E falando em crescimento, você está por dentro do “novo” modelo econômico de Pequim? Aberta para o mundo, mas cultivando cada vez mais a demanda doméstica, a “dupla circulação” tem ganhado destaque em publicações na China, mas ainda é pouco discutida fora da China. Pessimista, Mark Leonard, Diretor do Conselho Europeu de Relações Internacionais, acredita que o modelo pode causar um choque na economia mundial — tal como foi a entrada da China na Organização Mundial do Comércio, em 2001. Isso porque a economia bifurcada poderia ser um caminho para a China ser mais autossuficiente no desenvolvimento de tecnologias de ponta e suas partes, como semicondutores, sendo capaz de aumentar sua influência sobre “as regras do jogo” da economia mundial.

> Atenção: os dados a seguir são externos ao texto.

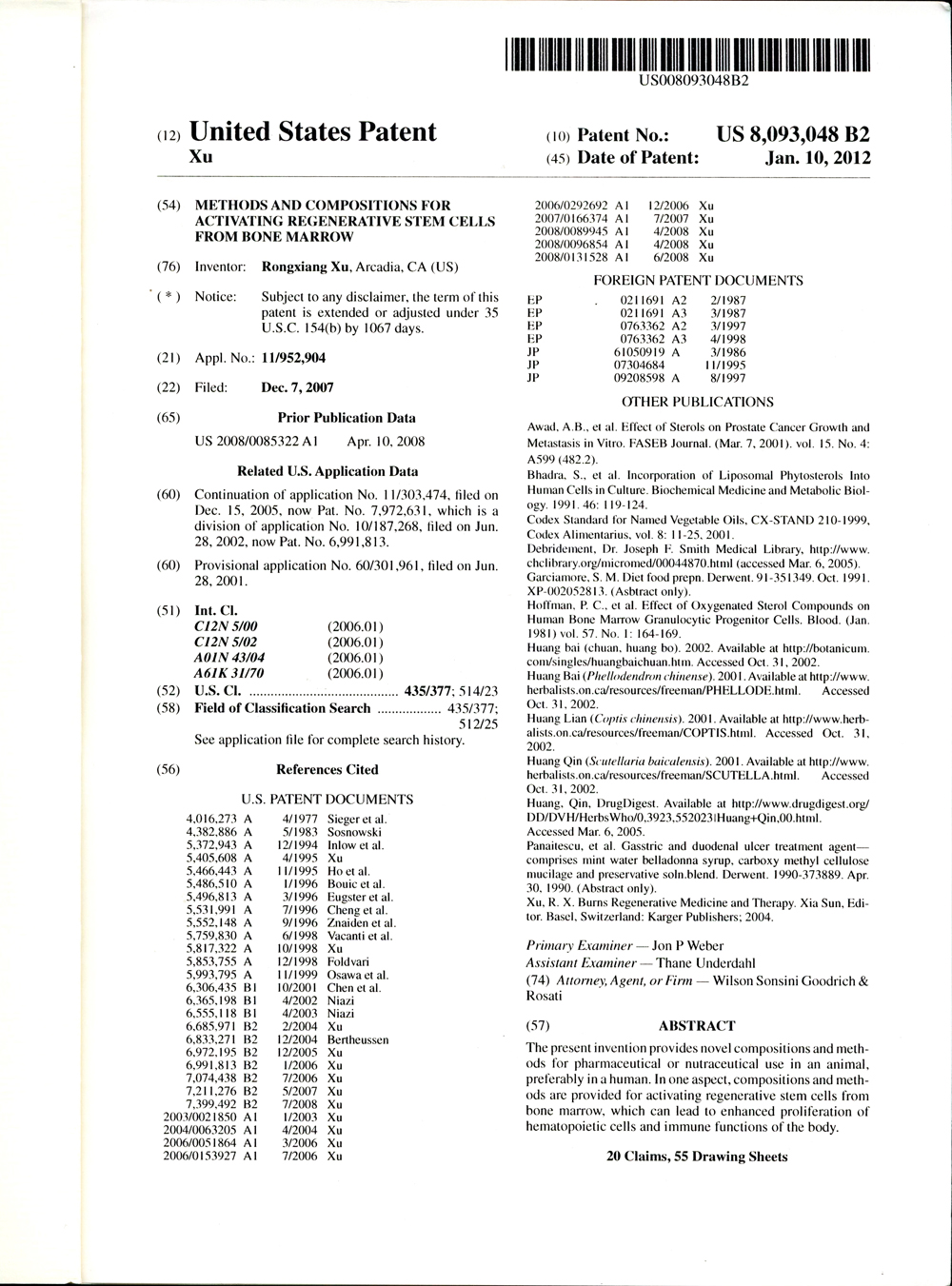 | 8093048 B2 | 激活骨髓组织中再生干细胞的方法和再生物质组合 | 查看 |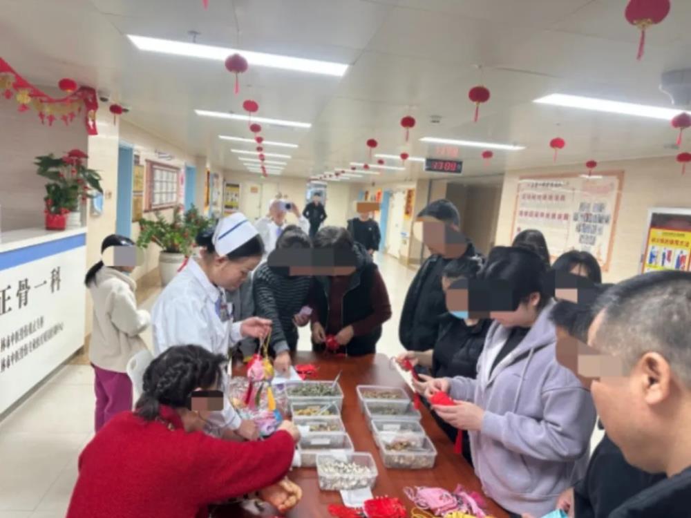为给科室营造喜庆祥和的新春氛围,护士团队提前着手对病房走廊进行了精心布置。一盏盏红彤彤的灯笼整齐悬挂,一抹抹中国红点缀着整个走廊,原本静谧的病房瞬间被新春的暖意包裹,驱散了冬日的寒凉与病痛的阴霾。路过的患者及家属纷纷驻足,看着喜庆的灯笼,脸上露出了久违的笑容,一句句“有年味了”“像在家一样”,便是对护士团队最真挚的肯定。在护士的细致讲解下,患者及家属们纷纷动手投入到香囊制作中,欢声笑语不断回荡在病房中。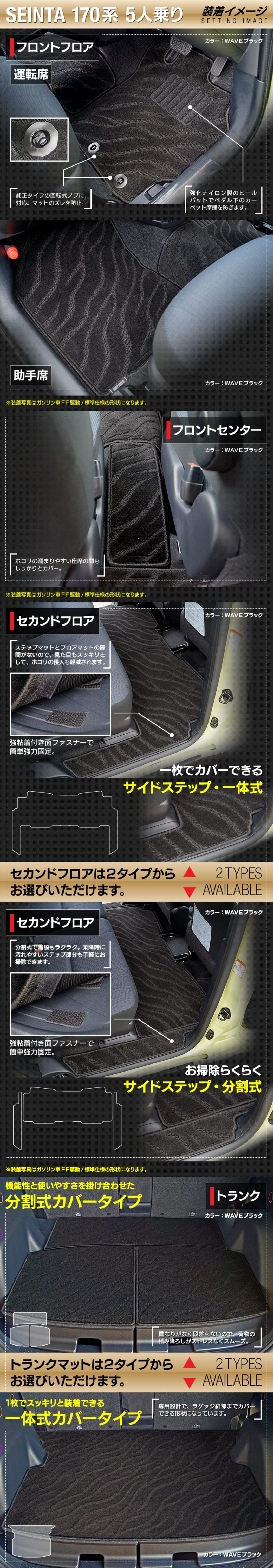 商品説明●後席とサイドステップマットの形状を2タイプから選択頂けます。
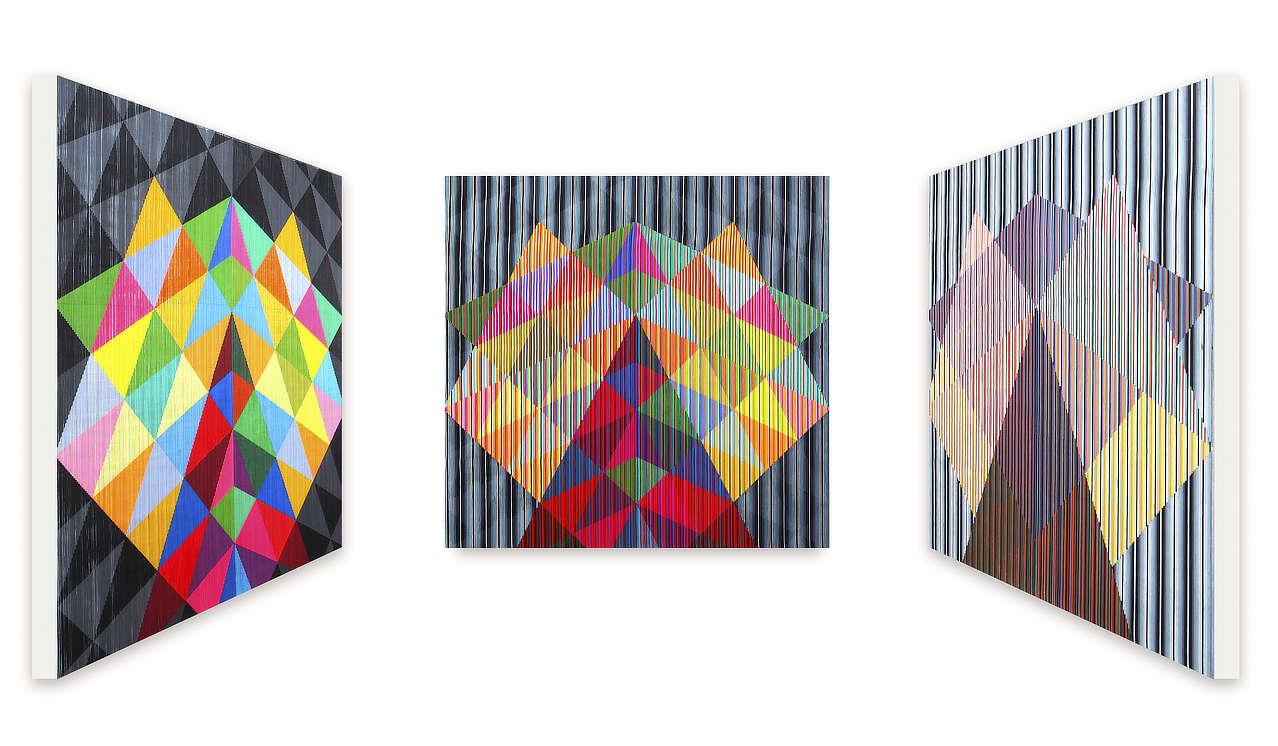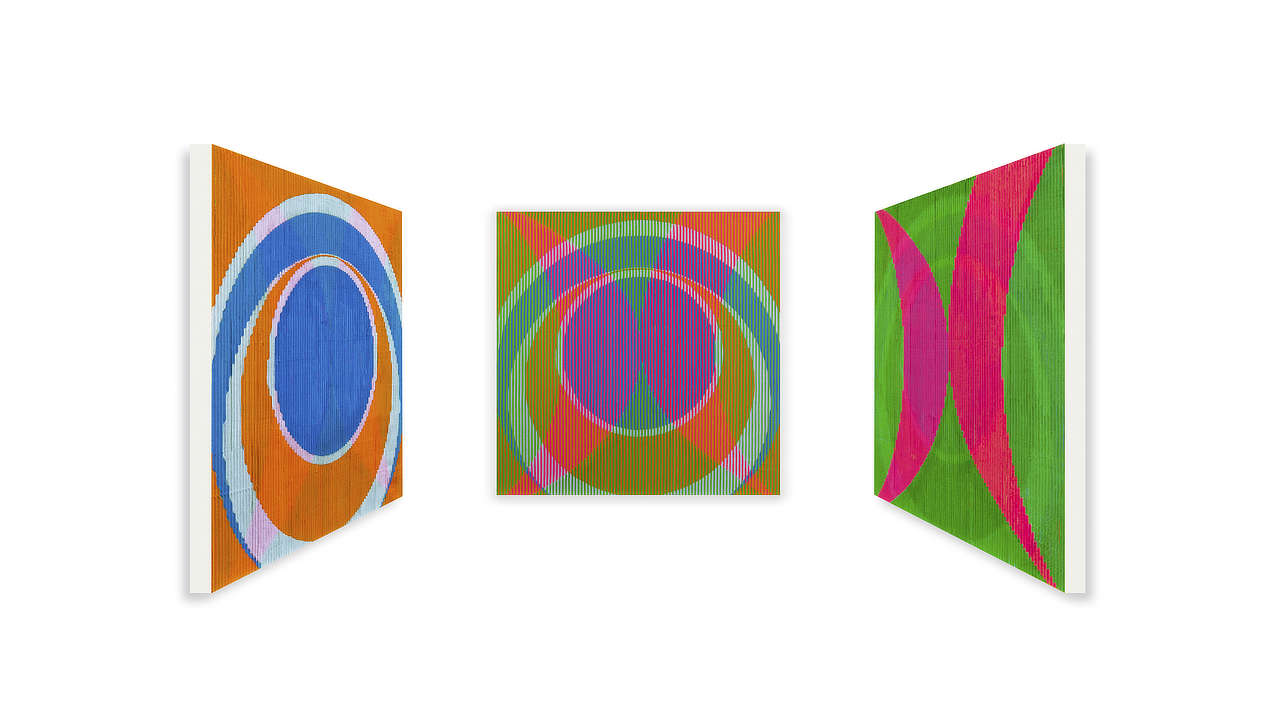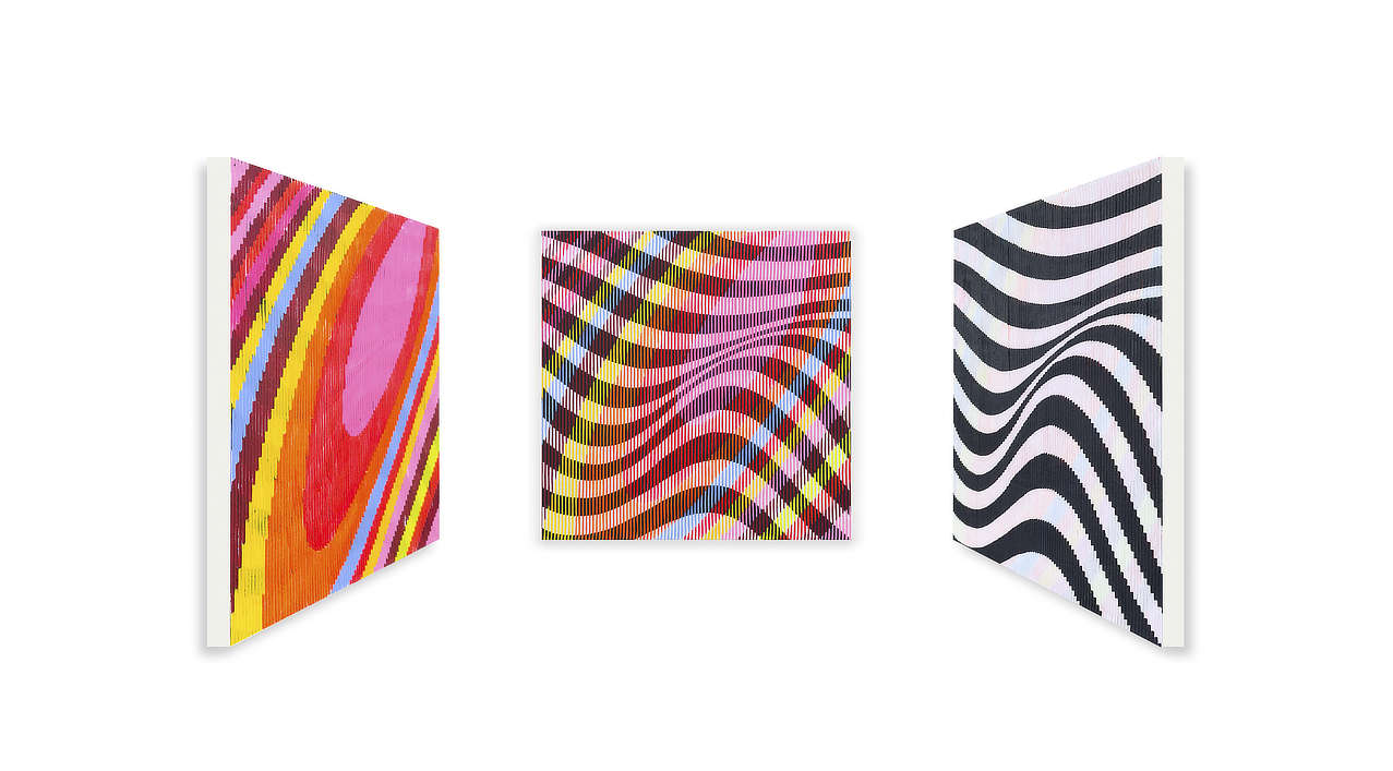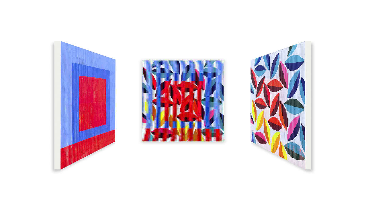 Seine Malerei entfaltet sich dreidimensional und erschließt ihre Wirkung im stetigen Wechsel der Perspektive. In Anlehnung an lentikulare Bildverfahren entstehen unterschiedliche visuelle Ebenen, die sich nicht gleichzeitig zeigen. Das Werk entwickelt seine Präsenz im Raum und im Zusammenspiel mit der Position des Betrachters.

Por outro lado, Li Daokui, um dos economistas chineses mais respeitados atualmente, não vê nada de excepcionalidade chinesa na dupla circulação. Em uma entrevista recente, Li explica como Estados Unidos e Alemanha passaram por processos semelhantes desde o século XVIII. Em tempos de incertezas com a pandemia, a dupla circulação ganha um papel ainda mais importante para o desenvolvimento econômico chinês.
Chineses com mais de dois filhos? Pesquisadores do Banco Central da China recomendaram na última semana que sejam abandonadas as políticas de controle de natalidade adotadas desde a década de 1970. Embora soe estranho o órgão falar sobre política populacional, o motivo é puramente econômico: o risco de perda de competitividade. A instituição aponta que, se nada for modificado, o gigante asiático pode ficar atrás dos Estados Unidos até 2050 na relação entre idosos e trabalhadores. Essa reportagem do South China Morning Post classifica o tom adotado por quatro pesquisadores do Banco Central como “raro e franco”. Vale lembrar que, depois de anos de política do filho único, desde 2016, casais chineses podem ter até dois filhos. Nós já falamos sobre o assunto aqui, sobre como a pandemia pode ter acelerado a crise demográfica na China.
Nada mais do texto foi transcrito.